() – The morning of the shooting at a high school in Winder, Georgia, that left four people dead, authorities were “actively searching” for the teenage suspect after the school received a warning call from his mother, but there was a mix-up and they couldn’t get to him fast enough, according to the Barrow County sheriff.
Before last week’s mass shooting at Apalachee High School, 14-year-old Colt Gray apologized to his mother, Marcee Gray, in a startling, cryptic text message that prompted the woman to warn the school that something might be wrong.
“I’m sorry, Mom,” the text message said.
The mother then called the school and asked administrators to check on her son.
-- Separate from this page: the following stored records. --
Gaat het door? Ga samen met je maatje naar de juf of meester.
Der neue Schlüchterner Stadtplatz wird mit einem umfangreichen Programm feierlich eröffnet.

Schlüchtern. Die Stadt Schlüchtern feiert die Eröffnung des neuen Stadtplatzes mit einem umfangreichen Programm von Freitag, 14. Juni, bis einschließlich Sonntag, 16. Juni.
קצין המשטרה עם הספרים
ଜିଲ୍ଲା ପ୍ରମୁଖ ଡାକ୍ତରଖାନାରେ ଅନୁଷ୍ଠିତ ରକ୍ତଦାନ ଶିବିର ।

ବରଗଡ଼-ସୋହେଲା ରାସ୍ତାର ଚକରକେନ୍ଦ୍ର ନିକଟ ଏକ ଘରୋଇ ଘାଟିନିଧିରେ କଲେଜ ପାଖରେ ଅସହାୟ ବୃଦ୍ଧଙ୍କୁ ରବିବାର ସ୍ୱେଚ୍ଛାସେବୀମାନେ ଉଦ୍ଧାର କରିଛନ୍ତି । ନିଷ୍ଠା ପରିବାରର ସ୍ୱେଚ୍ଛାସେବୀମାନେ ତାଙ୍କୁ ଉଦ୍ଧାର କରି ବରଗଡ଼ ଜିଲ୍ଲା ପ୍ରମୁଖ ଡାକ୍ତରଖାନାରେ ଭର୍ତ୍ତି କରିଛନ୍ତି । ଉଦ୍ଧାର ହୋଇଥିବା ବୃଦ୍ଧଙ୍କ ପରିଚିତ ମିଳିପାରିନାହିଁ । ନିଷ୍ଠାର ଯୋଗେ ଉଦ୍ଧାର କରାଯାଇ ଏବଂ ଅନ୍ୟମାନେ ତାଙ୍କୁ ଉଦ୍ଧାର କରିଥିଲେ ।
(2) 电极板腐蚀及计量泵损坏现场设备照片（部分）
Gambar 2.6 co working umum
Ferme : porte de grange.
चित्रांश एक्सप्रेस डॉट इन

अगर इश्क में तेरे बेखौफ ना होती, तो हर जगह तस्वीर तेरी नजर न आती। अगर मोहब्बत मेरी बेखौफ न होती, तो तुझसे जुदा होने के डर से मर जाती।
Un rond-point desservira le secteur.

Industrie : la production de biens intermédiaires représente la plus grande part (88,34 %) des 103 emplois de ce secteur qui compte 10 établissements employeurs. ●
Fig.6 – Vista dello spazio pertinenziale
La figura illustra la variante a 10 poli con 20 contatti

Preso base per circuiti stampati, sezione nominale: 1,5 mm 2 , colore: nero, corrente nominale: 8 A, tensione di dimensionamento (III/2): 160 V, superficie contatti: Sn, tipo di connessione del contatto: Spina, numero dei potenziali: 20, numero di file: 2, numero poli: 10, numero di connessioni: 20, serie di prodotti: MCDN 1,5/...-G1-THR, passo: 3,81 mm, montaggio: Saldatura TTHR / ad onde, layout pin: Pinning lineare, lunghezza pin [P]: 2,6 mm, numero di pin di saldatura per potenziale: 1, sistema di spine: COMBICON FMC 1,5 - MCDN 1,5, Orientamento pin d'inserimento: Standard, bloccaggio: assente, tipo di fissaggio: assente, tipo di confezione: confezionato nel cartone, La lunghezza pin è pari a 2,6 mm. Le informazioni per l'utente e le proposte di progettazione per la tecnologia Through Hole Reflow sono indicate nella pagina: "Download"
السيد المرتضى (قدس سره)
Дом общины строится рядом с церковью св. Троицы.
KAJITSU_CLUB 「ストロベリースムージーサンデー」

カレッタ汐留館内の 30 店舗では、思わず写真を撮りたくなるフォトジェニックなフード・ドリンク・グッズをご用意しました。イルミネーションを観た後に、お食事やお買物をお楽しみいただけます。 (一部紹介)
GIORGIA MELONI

That’s when authorities began searching for Colt Gray, Barrow County Sheriff Jud Smith told affiliate WXIA.
“She spoke to someone at the school, and we were actively looking for him,” Smith said. “I’m not aware of her saying he was going to do this, or that he had planned it, but there were some messages back and forth,” the sheriff added.
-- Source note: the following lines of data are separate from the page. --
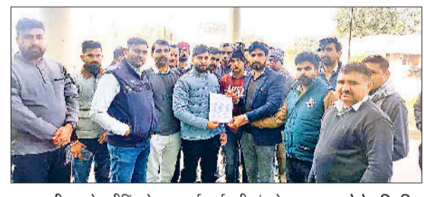
गुहला चीका। गेट मीटिंग के बाद सर्व कर्मचारी संघ के सदस्य।
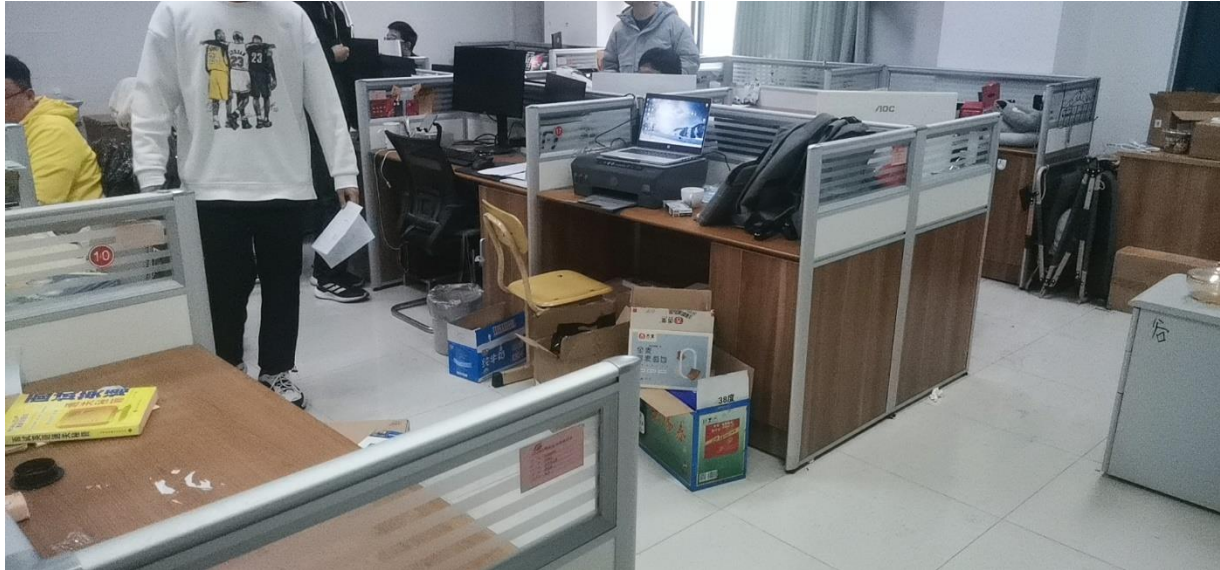
B302 油气井工程研究所
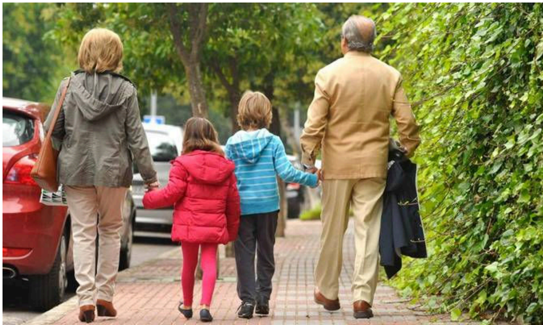
Abuelos con sus nietos.

BBVA Research ha advertido este martes de que la reforma de pensiones planteada por el Gobierno "no garantiza la sostenibilidad del sistema a largo plazo" y ha alertado sobre sus efectos sobre la economía, el empleo y la inversión.
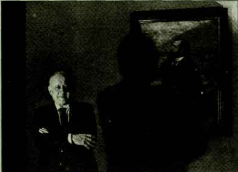
El líder del PNV, Xabier Arzalluz, fotografiado junto a un retrato de Sabino Arana.

En este contexto, el presidente del PNV se refirió a Euzkadi como «un pueblo dividido», y señaló: «No creo que los vascos nos hayamos portado mal con la gente de fuera y, sin embargo, ahora parece que éstos quieren apropiarse de nuestro país. No puede concebirse que por los votos se conviertan en dueños de nuestra casa, que así se vaya perdiendo nuestra identidad, ya que a
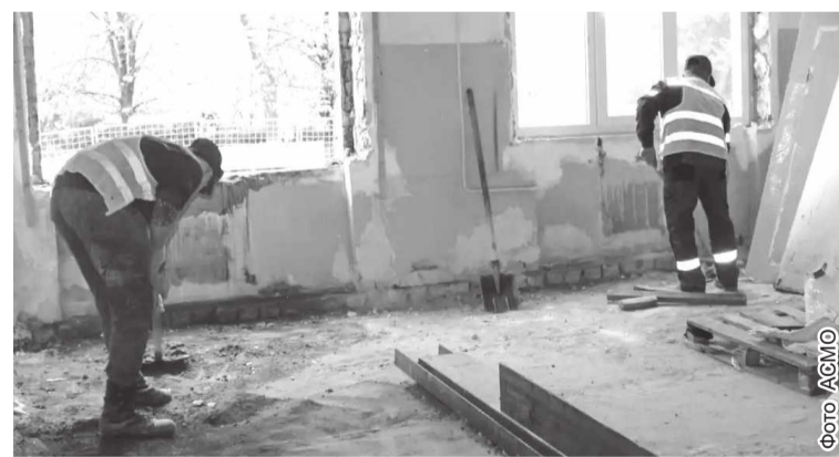
→ На объекте завершены комплекс демонтажных работ

В Славяносербске в рамках Народной программы «Единой России» продолжается капитальный ремонт поликлиники центральной районной больницы, который проводит регион-шеф Алтайский край.
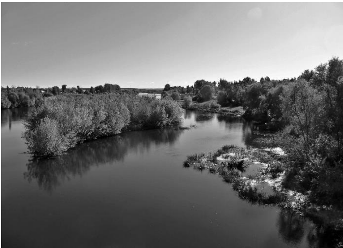
Берег Дона в Лебедяни. Сад дома Замятина простирался до берега реки справа
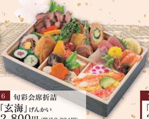
6 旬彩会席折詰 「玄海」げんかい 2,800円 (税込3,024円) サイズ/ 270×181×50mm
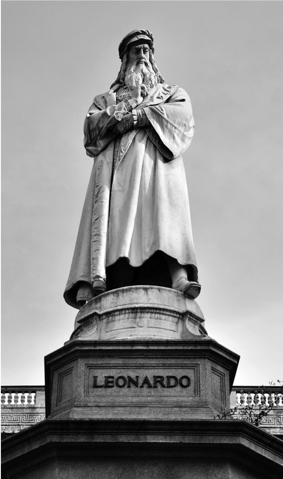
Monumento a Leonardo da Vinci Piazza della Scala Milano
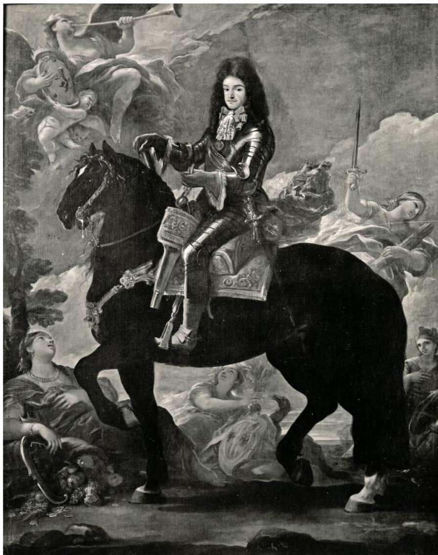
Figura 2. Retrato Ecuestre de Francisco de Benavides, IX conde de Santisteban del Puerto. Luca Giordano, 273 x 210 cm. Colección ducado de Almazán, Madrid.
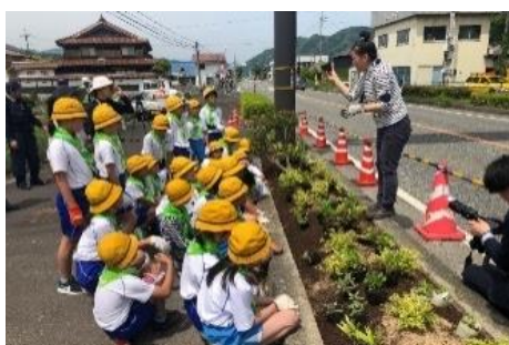
地元住民や小学生と植栽活動を実施

国道29号線沿線の活気を取り戻したいと、各県・各町・人々のつながりを大切にし、地域の魅力発信や、通りたくなる美しい景観のある道にしていこうと同じ思いを持った3人が集まり結成。平成13年より若桜町や八頭町の沿線にセージの花を植える活動を開始し、景観美化活動や沿線の魅力発信マップを作成し配付を行っている。また、平成28年からガードパイプの八頭ブラウンへの塗替などの景観形成活動も行っている。地元小学生や地域の方と一緒に沿線の清掃・花植えや、沿線の歴史を学ぶ街歩きイベントを行うことにより、地域資源の魅力向上や沿線活性化に寄与している。
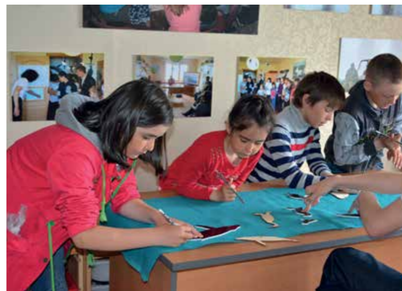
Рисунок на ткани «Животные заповедника»

A resource officer went to look for the boy, but there was another student in the same class with “almost the same name,” and neither he nor Colt Gray were in the classroom at the time, according to the sheriff.
“He went into the bathroom with a student who has almost the same name, that’s who they thought we were looking for,” Smith said.
Smith said officers thought they had caught up with Colt Gray in time, but they were actually talking to the other student. “As we’re trying to figure out what’s going on, the shooting starts,” Smith told WXIA.
Authorities allege Colt fired an AR-15-style rifle inside the high school, killing two teachers and two students. Nine other people were injured — eight students and one teacher — and are expected to recover, authorities said.
Newly obtained emergency recordings and dispatch records from the Barrow County Sheriff’s Office capture the chaos and panic that unfolded both inside the school when an active shooter was reported and outside when worried parents received panicked text messages from their teenagers.
The deadly Sept. 4 attack marked the 45th school shooting in 2024 and the deadliest school shooting in the U.S. since the March 2023 attack at The Covenant School in Nashville.
Colt Gray, who authorities say confessed to the attack at Winder High School, is charged with four counts of murder and will be tried as an adult. His attorney, Alfonso Kraft Jr., declined to comment Wednesday when reached by phone.
His father, Colin Gray, has been charged with two counts of manslaughter, four counts of involuntary manslaughter and eight counts of cruelty to children after authorities accused him of knowingly allowing his son to have a gun, according to the Georgia Bureau of Investigation. has reached out to Colin Gray’s attorneys.
On the morning of the attack, a 10-minute call was made from Marcee Gray’s phone to the school at 9:50 a.m. ET, the Washington Post reported.
Colt Gray had left his Algebra 1 class around 9:45 a.m. ET, student Lyela Sayarath, who was sitting next to him in class, previously told .
She said a person who later came to the class looking for Colt Gray mistook him for another student. “An administrator comes in asking about the kid sitting next to me, but he mistakes him for … my friend,” Lyela said.
The first call about the attack came from a “RapidSOS” device at 10:22 a.m. ET, computer-assisted dispatch reports released by Barrow County on Friday show.
“Active shooter!” one officer is heard yelling on an audio recording while speaking to a dispatcher, who repeats the phrase. Another officer is heard calmly responding, “correct, we have an active shooter at Apalachee High School.”
Two minutes later, authorities had the suspect’s name as “Colt” and one student was dead, according to reports.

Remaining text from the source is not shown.